• **Try it**
Extract the lines beginning at the one that holds "MAY, Karl: Old" and ending at the final line of the material below, keeping them exact and leaving out all pictures.

• **Raw data**
━━━━━━━━━━

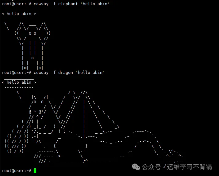 cowsay -f elephant "hello abin"
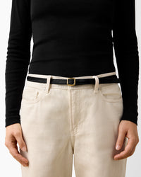 Elevate your wardrobe with the timeless and elegant wardrobe staple, The Georgia Belt Slim in Black Calf Hair. Expertlycrafted from 100% ItalianCowLeather, thisbeltshowcases an exquisite finish thatadds a touch of discreet detail to any outfit.
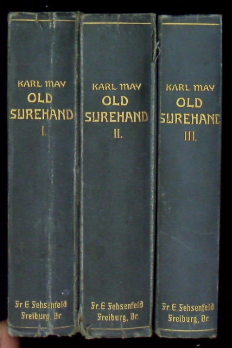 MAY, Karl: Old Surehand Reiseererlebnisse in 3 Bänden. 31.– 35. Tsd. 3 Bände. Freiburg (Fehsenfeld), (1904 / 1905). 644, 647, 566 S. mit den goldenen Vorsätzen. ill. OLn. von Sascha Schneider. (DB 67). Deckel teils etwas berieben, Kapitale teils bestoßen, Rücken von Bd. 1 mit Mittelfalz, Bd. 2 an den Kanten etwas angeplatzt, insgesamt durchaus gutes Ex. mit feiner Innenerhaltung. = Gesammelte Reiseerzählungen, Bd. XIV, XV, XIX. Plaul 261.6; 269.6; 286.5
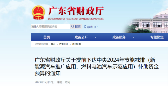 根据《财政部关于提前下达2024年节能减排补助资金预算的通知》(财建〔2023〕336号),经商省发展改革委,现提前下达你市2024年节能减排(新能源汽车推广应用、燃料电池汽车示范应用)补助资金(详见附件1),用于2021年及以前年度新能源汽车推广应用补助清算、2021-2022年度新能源汽车推广应用补助资金预拨以及燃料电池汽车示范应用第一年度奖励。

━━━━━━━━━━

• **The completed task**
 MAY, Karl: Old Surehand Reiseererlebnisse in 3 Bänden. 31.– 35. Tsd. 3 Bände. Freiburg (Fehsenfeld), (1904 / 1905). 644, 647, 566 S. mit den goldenen Vorsätzen. ill. OLn. von Sascha Schneider. (DB 67). Deckel teils etwas berieben, Kapitale teils bestoßen, Rücken von Bd. 1 mit Mittelfalz, Bd. 2 an den Kanten etwas angeplatzt, insgesamt durchaus gutes Ex. mit feiner Innenerhaltung. = Gesammelte Reiseerzählungen, Bd. XIV, XV, XIX. Plaul 261.6; 269.6; 286.5
 根据《财政部关于提前下达2024年节能减排补助资金预算的通知》(财建〔2023〕336号),经商省发展改革委,现提前下达你市2024年节能减排(新能源汽车推广应用、燃料电池汽车示范应用)补助资金(详见附件1),用于2021年及以前年度新能源汽车推广应用补助清算、2021-2022年度新能源汽车推广应用补助资金预拨以及燃料电池汽车示范应用第一年度奖励。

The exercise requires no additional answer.